_Exercise prompt_
When you reach the line containing "Jednoducho obkreslite vzor" in the entries below, start writing out each line exactly, and stop after the line containing "Auf dem oberen".

_Material for this exercise_

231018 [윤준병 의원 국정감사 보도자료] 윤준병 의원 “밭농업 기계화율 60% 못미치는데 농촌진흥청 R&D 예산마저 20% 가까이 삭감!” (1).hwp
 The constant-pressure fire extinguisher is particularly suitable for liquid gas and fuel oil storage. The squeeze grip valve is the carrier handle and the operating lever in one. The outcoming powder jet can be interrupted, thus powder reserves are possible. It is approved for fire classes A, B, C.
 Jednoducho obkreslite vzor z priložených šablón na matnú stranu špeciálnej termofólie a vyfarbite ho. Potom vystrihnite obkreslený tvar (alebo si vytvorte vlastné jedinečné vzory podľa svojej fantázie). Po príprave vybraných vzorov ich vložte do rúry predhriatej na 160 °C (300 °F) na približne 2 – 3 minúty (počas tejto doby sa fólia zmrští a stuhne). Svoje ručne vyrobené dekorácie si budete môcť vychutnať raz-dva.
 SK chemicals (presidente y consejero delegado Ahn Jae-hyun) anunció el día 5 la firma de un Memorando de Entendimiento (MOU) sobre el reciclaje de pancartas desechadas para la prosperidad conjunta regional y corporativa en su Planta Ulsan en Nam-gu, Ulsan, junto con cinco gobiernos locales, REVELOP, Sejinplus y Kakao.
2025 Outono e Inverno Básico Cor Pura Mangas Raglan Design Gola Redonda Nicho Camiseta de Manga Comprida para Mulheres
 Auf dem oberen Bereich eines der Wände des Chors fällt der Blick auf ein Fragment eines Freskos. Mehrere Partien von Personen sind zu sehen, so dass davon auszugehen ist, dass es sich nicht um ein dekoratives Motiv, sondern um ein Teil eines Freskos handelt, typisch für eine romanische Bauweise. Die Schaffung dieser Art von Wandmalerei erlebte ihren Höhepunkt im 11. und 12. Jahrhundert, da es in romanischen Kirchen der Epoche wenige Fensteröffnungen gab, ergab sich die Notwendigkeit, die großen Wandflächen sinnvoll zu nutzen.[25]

==

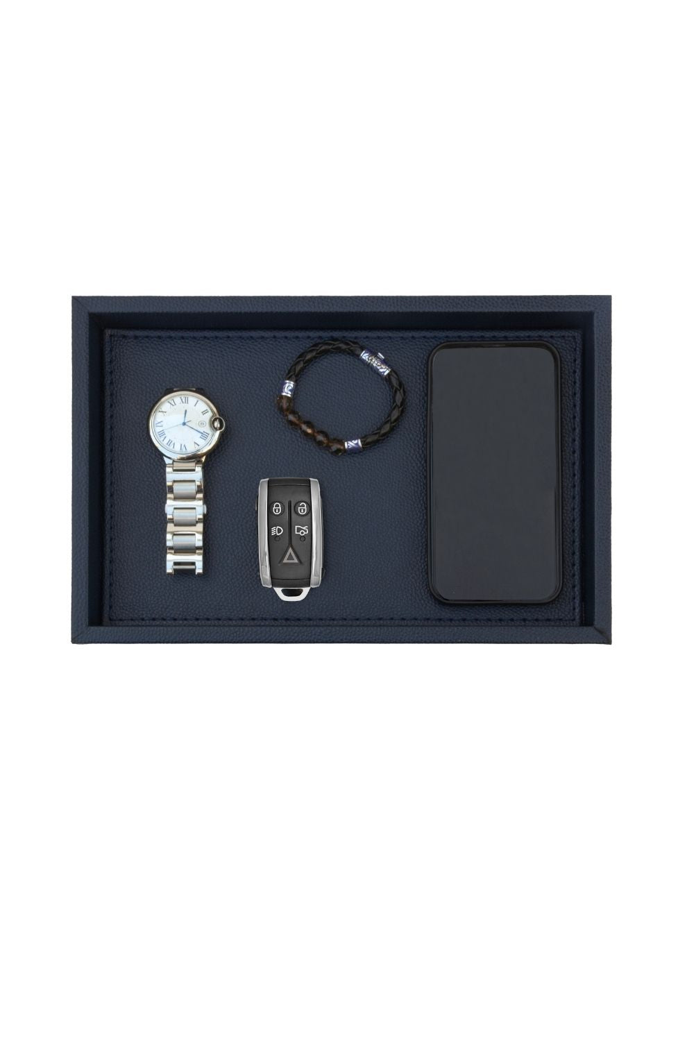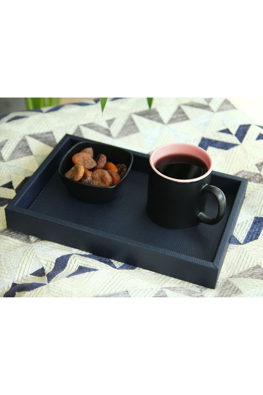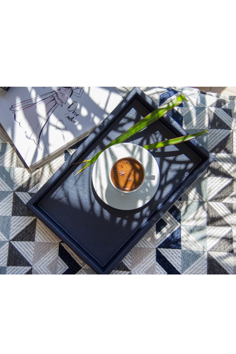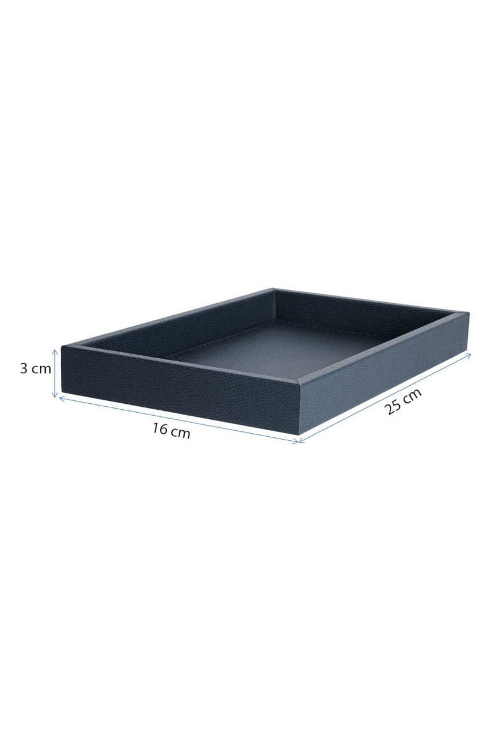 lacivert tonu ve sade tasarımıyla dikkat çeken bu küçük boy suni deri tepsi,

--

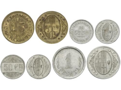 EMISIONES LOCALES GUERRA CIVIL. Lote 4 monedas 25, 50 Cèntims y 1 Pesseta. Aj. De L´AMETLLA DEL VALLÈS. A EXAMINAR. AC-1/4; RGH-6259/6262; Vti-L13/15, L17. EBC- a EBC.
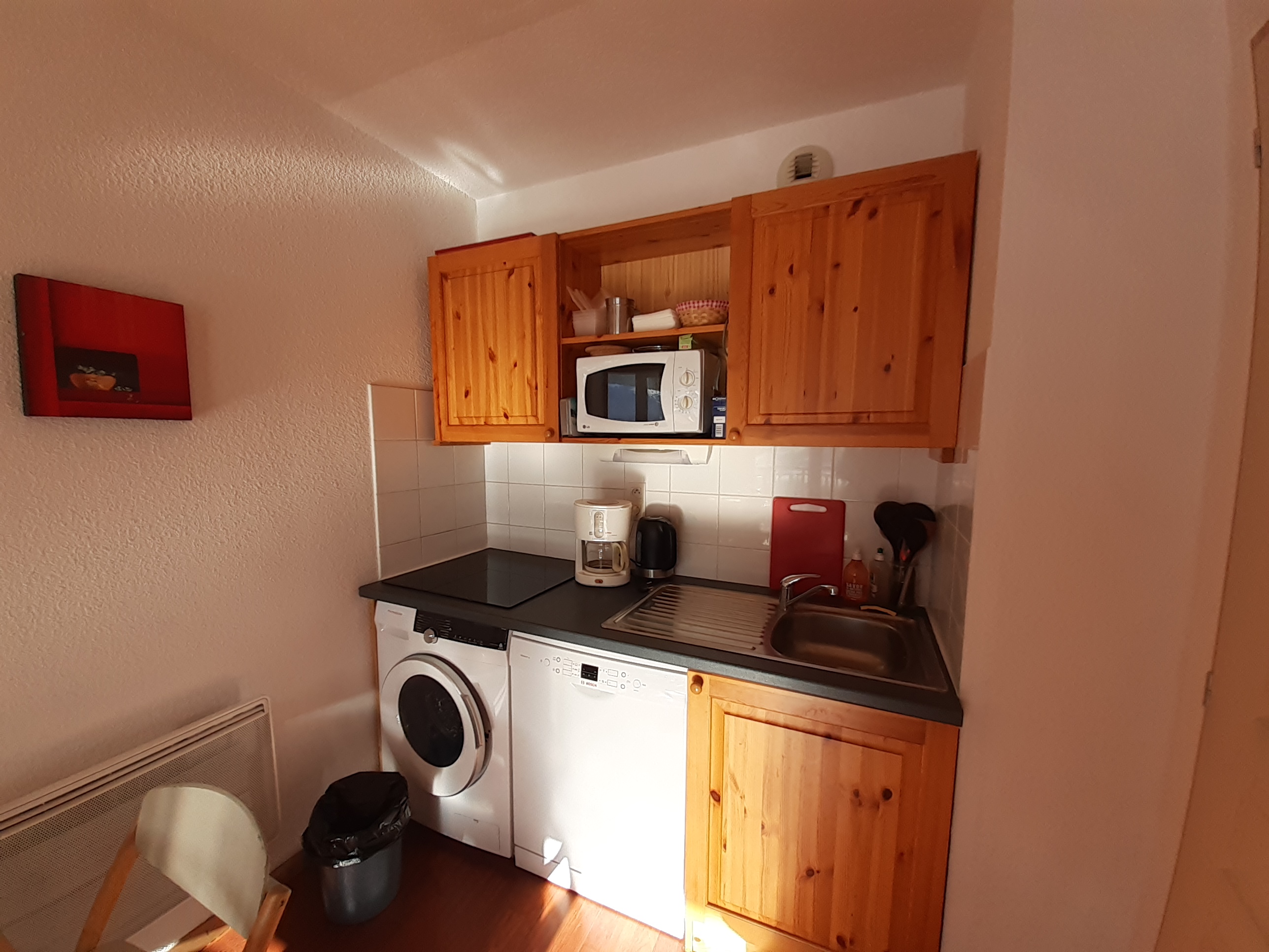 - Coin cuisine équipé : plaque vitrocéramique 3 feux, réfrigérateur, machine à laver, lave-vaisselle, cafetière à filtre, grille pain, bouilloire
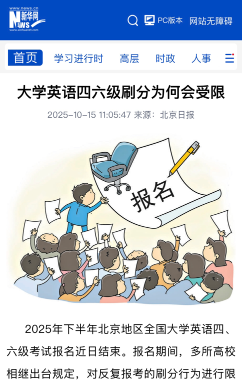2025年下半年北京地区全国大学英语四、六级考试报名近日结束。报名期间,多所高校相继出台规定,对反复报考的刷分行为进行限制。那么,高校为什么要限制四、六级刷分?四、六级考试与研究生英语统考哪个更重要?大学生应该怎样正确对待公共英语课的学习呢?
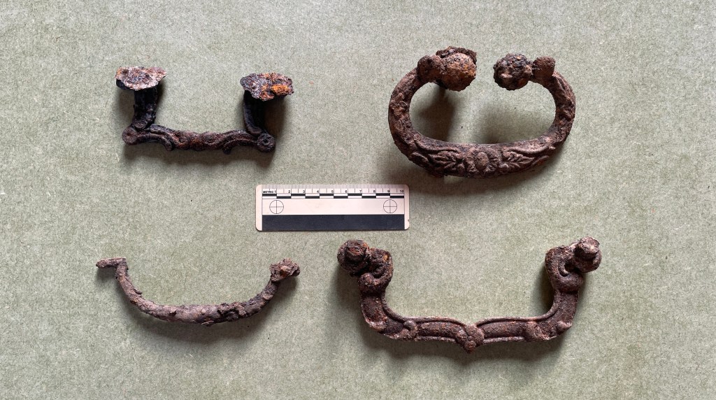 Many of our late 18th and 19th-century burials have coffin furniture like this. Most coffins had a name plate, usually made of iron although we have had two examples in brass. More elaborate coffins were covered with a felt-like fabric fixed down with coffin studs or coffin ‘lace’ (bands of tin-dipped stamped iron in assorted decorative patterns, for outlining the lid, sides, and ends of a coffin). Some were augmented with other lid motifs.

_Your response_
 Jednoducho obkreslite vzor z priložených šablón na matnú stranu špeciálnej termofólie a vyfarbite ho. Potom vystrihnite obkreslený tvar (alebo si vytvorte vlastné jedinečné vzory podľa svojej fantázie). Po príprave vybraných vzorov ich vložte do rúry predhriatej na 160 °C (300 °F) na približne 2 – 3 minúty (počas tejto doby sa fólia zmrští a stuhne). Svoje ručne vyrobené dekorácie si budete môcť vychutnať raz-dva.
 SK chemicals (presidente y consejero delegado Ahn Jae-hyun) anunció el día 5 la firma de un Memorando de Entendimiento (MOU) sobre el reciclaje de pancartas desechadas para la prosperidad conjunta regional y corporativa en su Planta Ulsan en Nam-gu, Ulsan, junto con cinco gobiernos locales, REVELOP, Sejinplus y Kakao.
2025 Outono e Inverno Básico Cor Pura Mangas Raglan Design Gola Redonda Nicho Camiseta de Manga Comprida para Mulheres
 Auf dem oberen Bereich eines der Wände des Chors fällt der Blick auf ein Fragment eines Freskos. Mehrere Partien von Personen sind zu sehen, so dass davon auszugehen ist, dass es sich nicht um ein dekoratives Motiv, sondern um ein Teil eines Freskos handelt, typisch für eine romanische Bauweise. Die Schaffung dieser Art von Wandmalerei erlebte ihren Höhepunkt im 11. und 12. Jahrhundert, da es in romanischen Kirchen der Epoche wenige Fensteröffnungen gab, ergab sich die Notwendigkeit, die großen Wandflächen sinnvoll zu nutzen.[25]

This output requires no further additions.